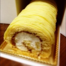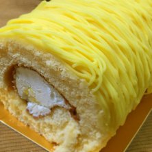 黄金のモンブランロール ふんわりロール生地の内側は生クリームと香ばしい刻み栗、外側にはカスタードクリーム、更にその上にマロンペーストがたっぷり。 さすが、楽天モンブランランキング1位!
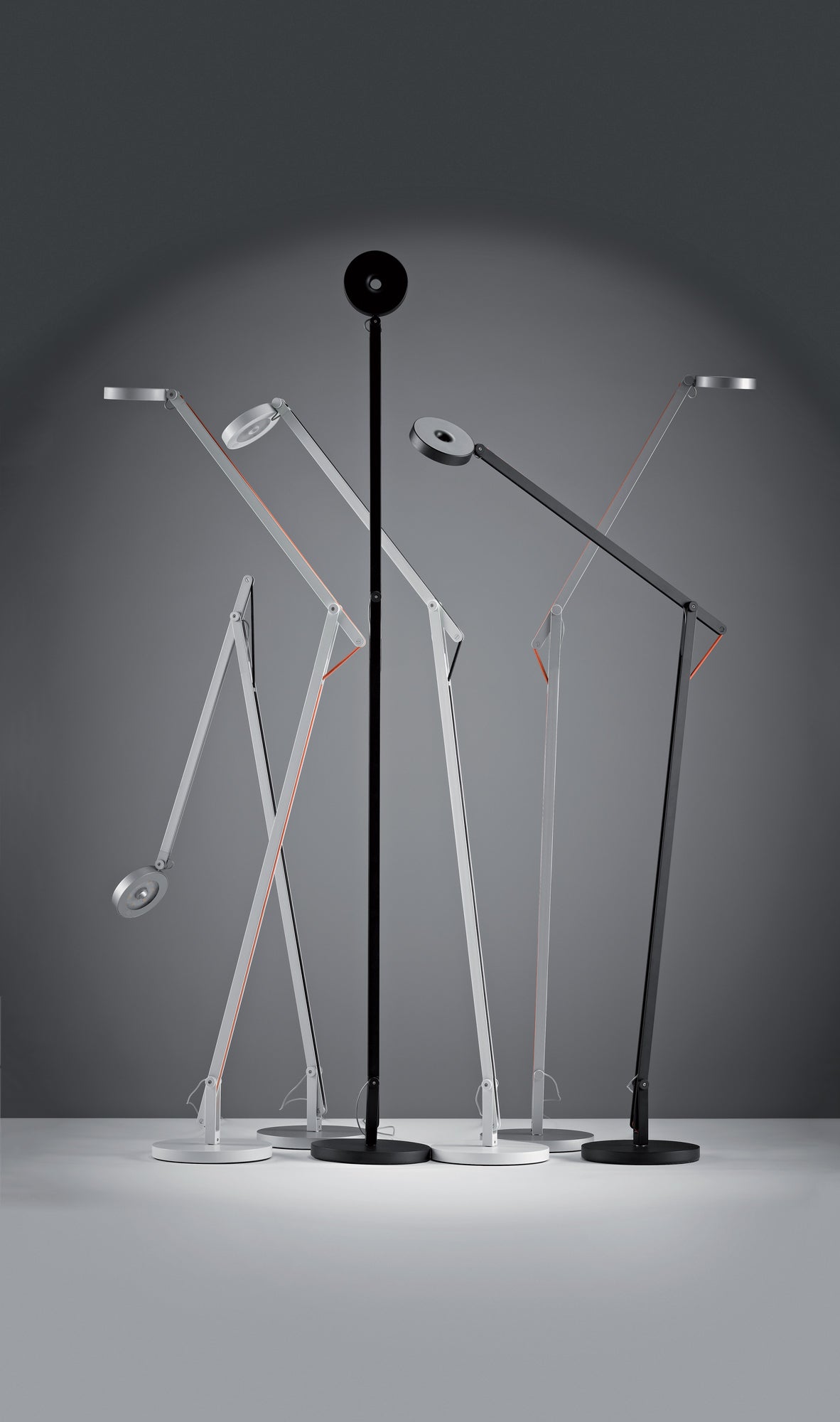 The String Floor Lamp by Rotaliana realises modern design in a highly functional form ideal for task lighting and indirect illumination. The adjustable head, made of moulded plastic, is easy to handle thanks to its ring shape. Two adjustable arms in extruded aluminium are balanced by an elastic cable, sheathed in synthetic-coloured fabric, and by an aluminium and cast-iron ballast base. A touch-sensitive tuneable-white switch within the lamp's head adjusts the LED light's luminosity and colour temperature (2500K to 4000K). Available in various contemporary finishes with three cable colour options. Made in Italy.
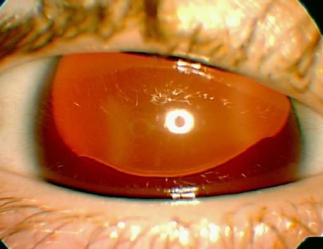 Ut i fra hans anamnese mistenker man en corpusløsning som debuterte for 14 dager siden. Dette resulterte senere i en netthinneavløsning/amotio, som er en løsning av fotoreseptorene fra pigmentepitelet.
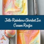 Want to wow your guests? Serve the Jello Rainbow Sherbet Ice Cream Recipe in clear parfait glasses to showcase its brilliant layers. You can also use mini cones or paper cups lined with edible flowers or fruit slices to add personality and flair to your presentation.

•••••

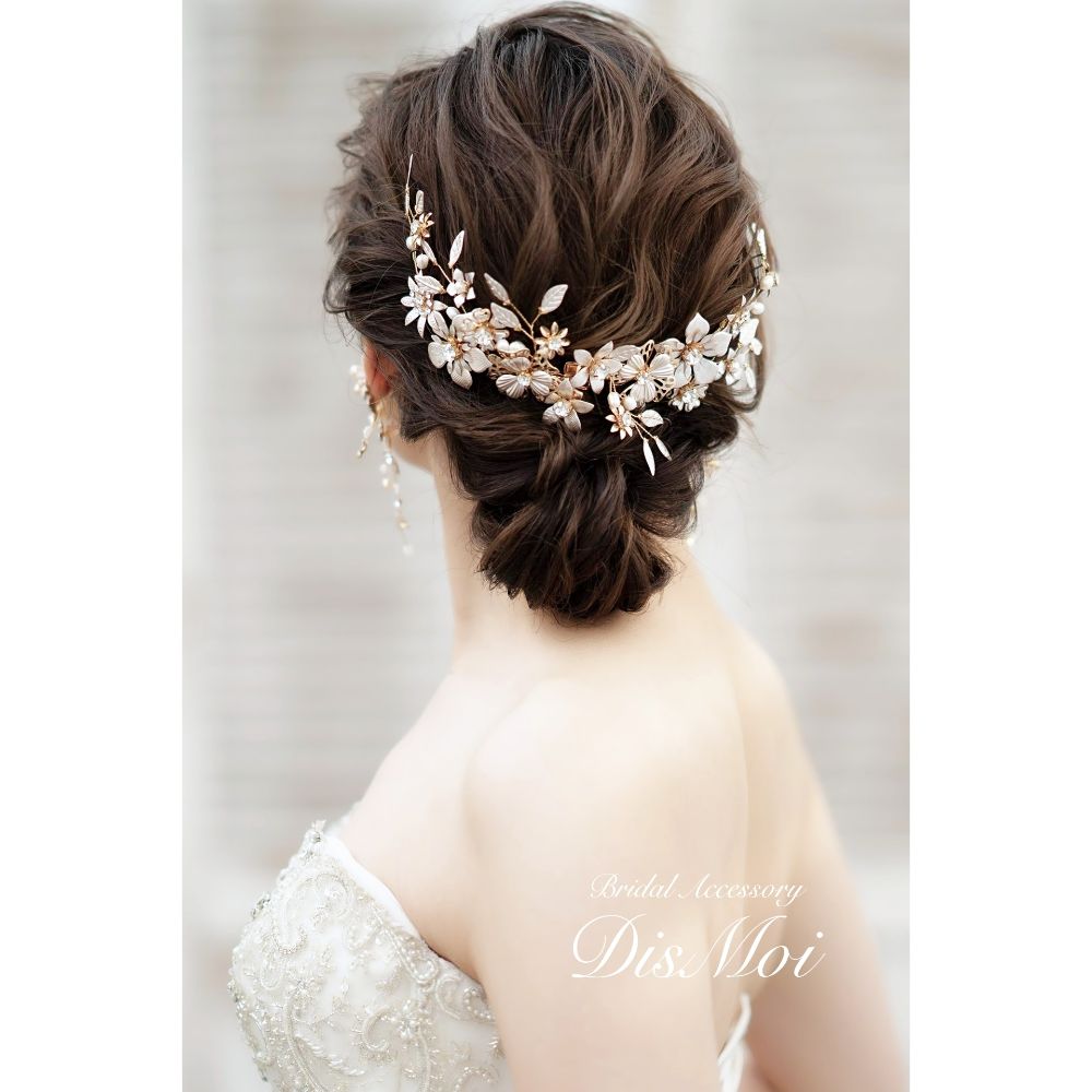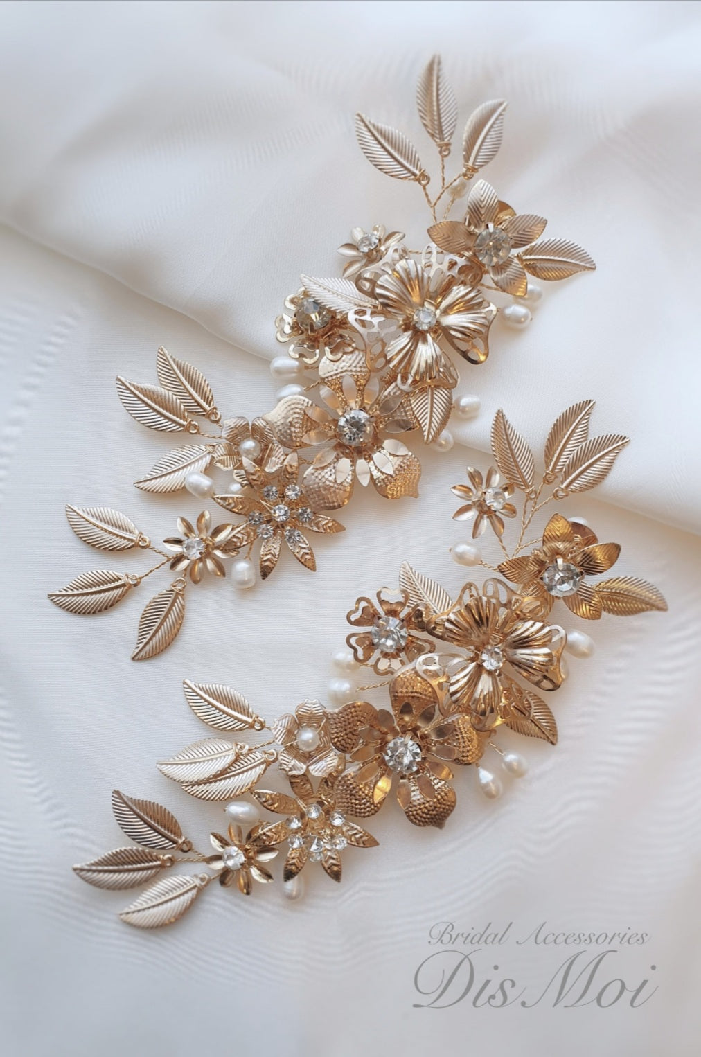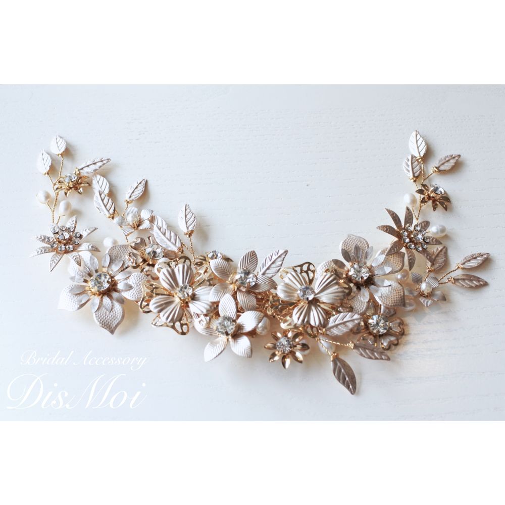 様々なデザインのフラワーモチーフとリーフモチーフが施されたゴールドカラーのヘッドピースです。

•••••

WORK REQUEST:
The material above holds pictures; leave them out. Repeat exactly the lines from the one containing "Ut i fra hans" through the one containing "Want to wow", and nothing else.

ANSWER FOR THE TASK:
 Ut i fra hans anamnese mistenker man en corpusløsning som debuterte for 14 dager siden. Dette resulterte senere i en netthinneavløsning/amotio, som er en løsning av fotoreseptorene fra pigmentepitelet.
 Want to wow your guests? Serve the Jello Rainbow Sherbet Ice Cream Recipe in clear parfait glasses to showcase its brilliant layers. You can also use mini cones or paper cups lined with edible flowers or fruit slices to add personality and flair to your presentation.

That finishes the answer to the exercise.